What needs to be done
Please reproduce the lines of the records below from the one holding "각각의 point당 에" through the one holding "Dinhata (10 km)", inclusive, skipping all pictures.

Given data

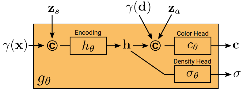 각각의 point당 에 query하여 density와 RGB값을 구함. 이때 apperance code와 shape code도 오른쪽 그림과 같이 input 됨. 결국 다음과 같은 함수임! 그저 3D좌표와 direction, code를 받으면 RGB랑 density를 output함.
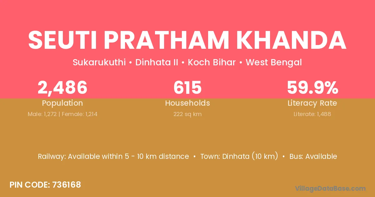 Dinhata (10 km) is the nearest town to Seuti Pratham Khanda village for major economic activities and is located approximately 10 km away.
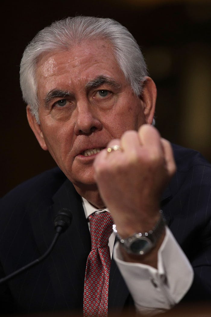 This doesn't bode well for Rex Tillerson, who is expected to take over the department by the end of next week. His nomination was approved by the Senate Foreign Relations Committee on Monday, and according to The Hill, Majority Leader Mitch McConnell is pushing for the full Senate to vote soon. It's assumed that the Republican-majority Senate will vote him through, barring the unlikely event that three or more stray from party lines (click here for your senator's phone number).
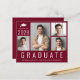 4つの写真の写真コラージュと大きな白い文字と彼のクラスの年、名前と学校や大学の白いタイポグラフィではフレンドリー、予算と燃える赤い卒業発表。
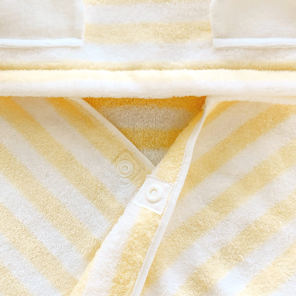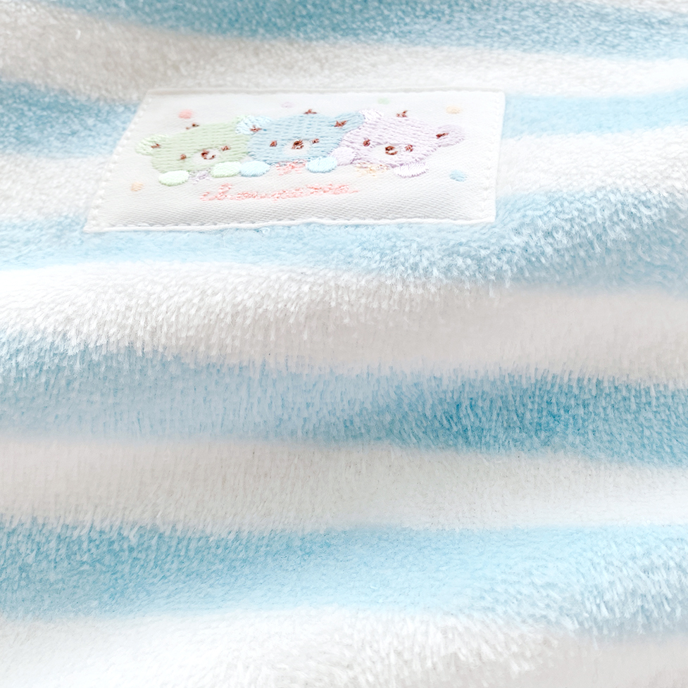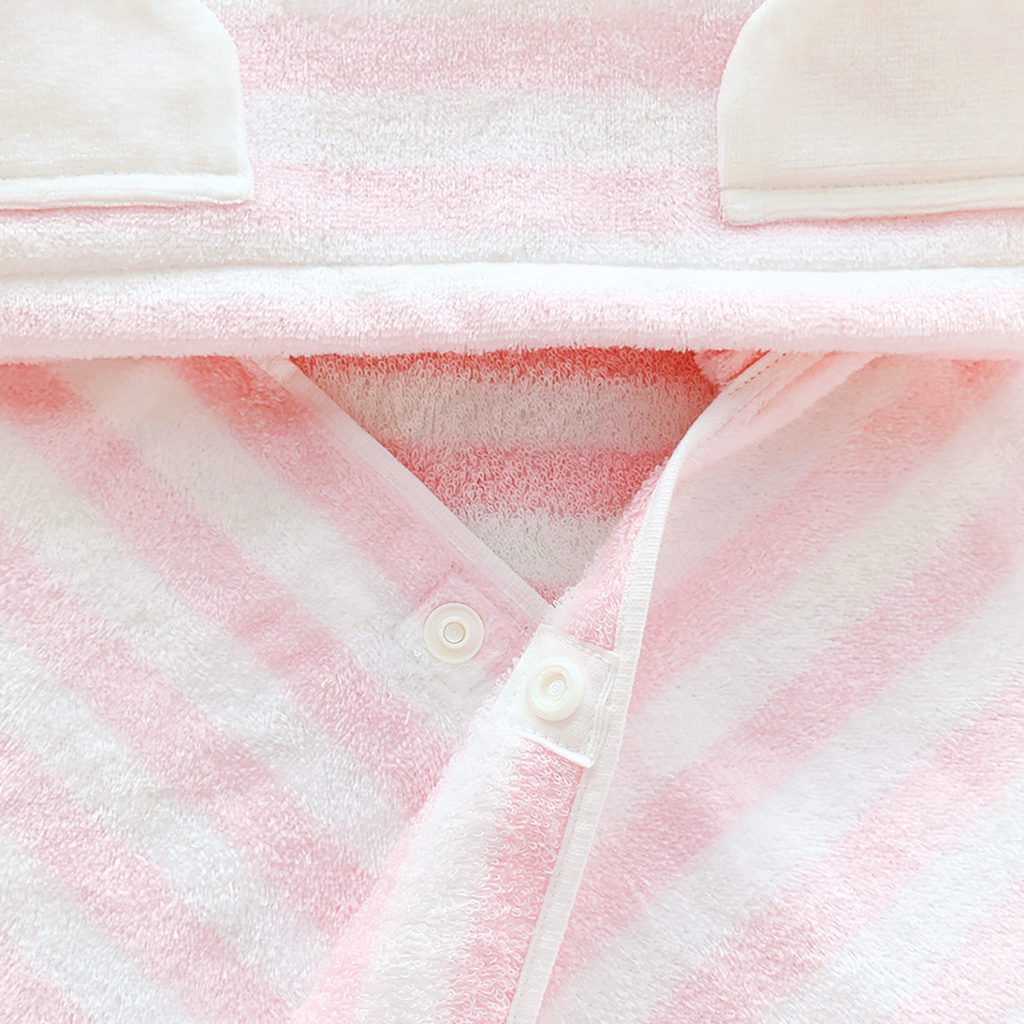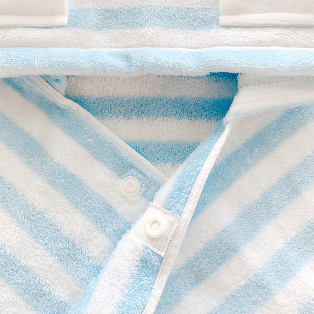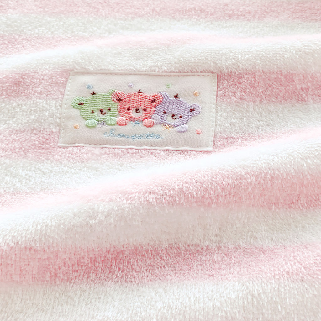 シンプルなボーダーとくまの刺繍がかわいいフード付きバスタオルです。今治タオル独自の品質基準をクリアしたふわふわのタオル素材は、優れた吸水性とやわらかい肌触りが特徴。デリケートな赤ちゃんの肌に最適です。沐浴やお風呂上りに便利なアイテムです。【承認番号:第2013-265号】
==
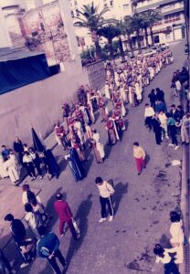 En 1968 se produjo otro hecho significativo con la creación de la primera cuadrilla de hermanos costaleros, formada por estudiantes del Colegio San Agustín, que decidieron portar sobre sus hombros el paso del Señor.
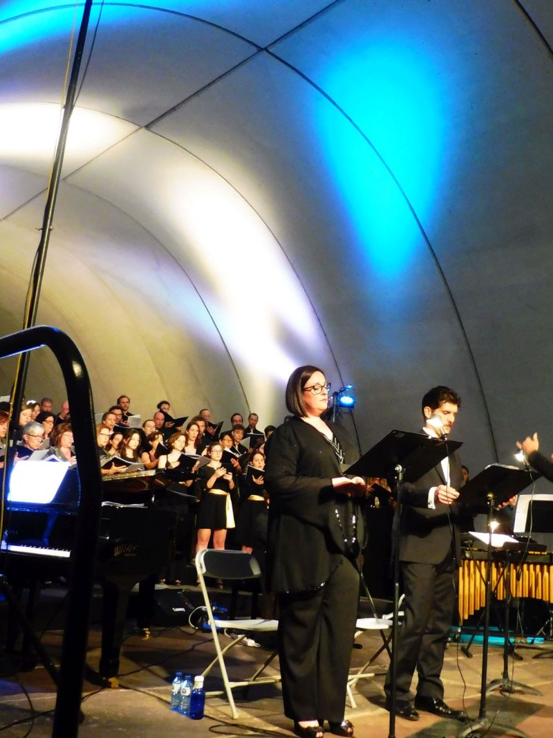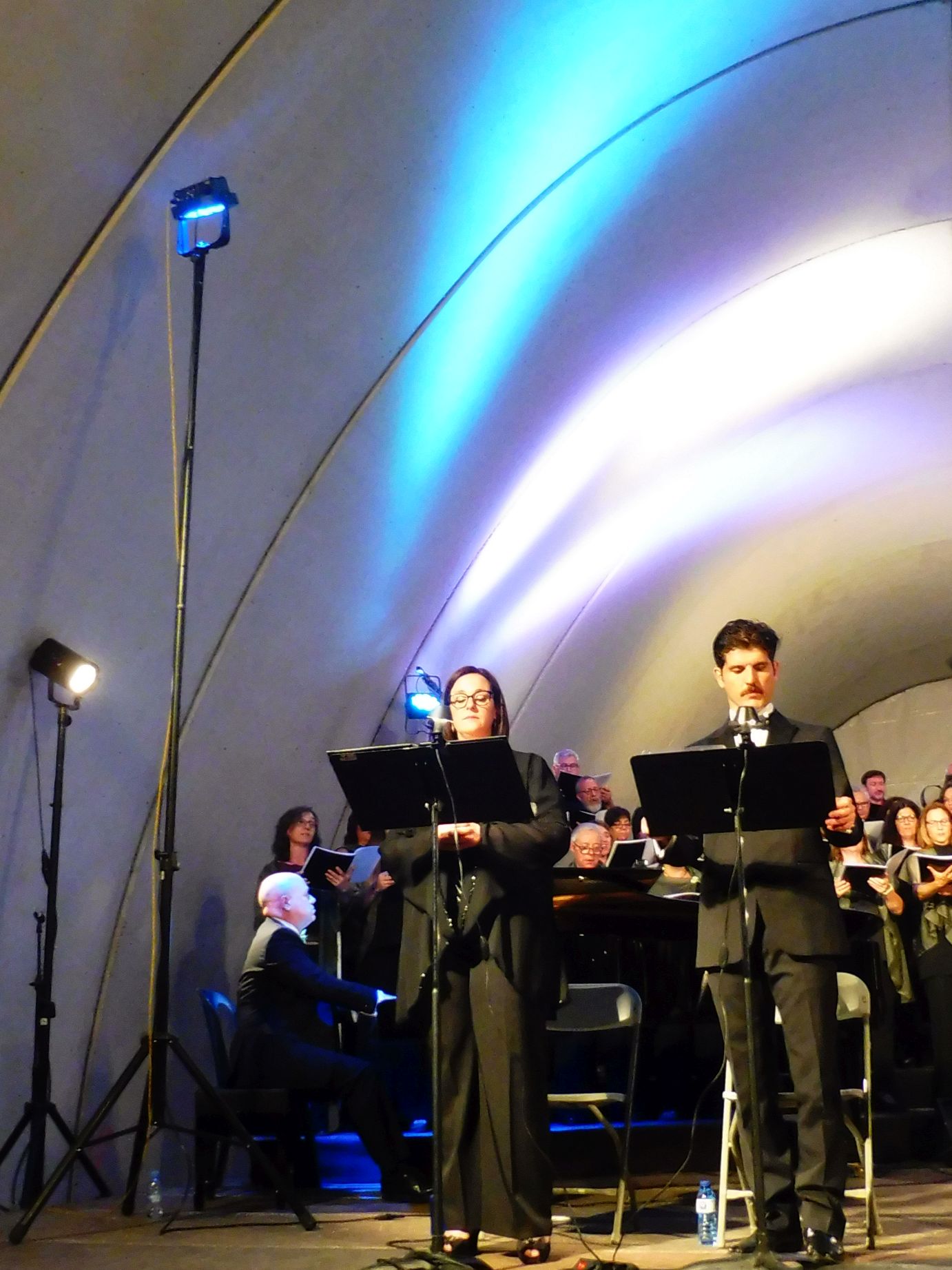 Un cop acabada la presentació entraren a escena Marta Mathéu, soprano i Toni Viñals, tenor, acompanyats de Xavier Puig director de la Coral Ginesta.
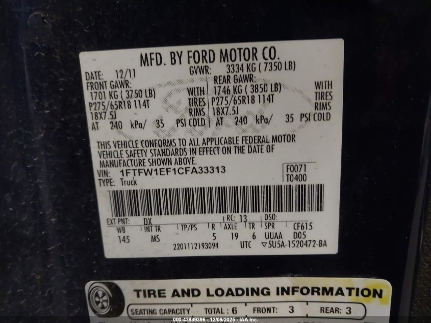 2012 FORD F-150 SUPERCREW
* * *
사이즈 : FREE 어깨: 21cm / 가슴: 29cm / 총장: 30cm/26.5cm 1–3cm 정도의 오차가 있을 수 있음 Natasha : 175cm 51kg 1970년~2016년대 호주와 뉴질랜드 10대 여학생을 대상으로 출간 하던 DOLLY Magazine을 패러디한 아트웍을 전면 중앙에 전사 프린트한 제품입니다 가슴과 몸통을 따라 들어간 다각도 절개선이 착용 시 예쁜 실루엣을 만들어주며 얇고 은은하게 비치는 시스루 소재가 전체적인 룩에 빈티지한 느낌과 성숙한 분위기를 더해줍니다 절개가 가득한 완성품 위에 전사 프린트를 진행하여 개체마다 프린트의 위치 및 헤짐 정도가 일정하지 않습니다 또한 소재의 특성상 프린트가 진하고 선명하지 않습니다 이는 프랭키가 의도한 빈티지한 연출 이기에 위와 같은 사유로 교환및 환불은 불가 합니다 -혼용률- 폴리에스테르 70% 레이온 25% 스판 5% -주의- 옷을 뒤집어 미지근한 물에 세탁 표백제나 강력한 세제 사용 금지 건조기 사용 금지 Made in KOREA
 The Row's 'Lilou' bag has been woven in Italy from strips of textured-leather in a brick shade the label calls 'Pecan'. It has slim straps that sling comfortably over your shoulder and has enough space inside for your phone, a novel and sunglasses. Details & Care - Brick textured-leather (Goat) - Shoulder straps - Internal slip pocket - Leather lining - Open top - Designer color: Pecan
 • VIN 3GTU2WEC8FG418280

Task result
 각각의 point당 에 query하여 density와 RGB값을 구함. 이때 apperance code와 shape code도 오른쪽 그림과 같이 input 됨. 결국 다음과 같은 함수임! 그저 3D좌표와 direction, code를 받으면 RGB랑 density를 output함.
 Dinhata (10 km) is the nearest town to Seuti Pratham Khanda village for major economic activities and is located approximately 10 km away.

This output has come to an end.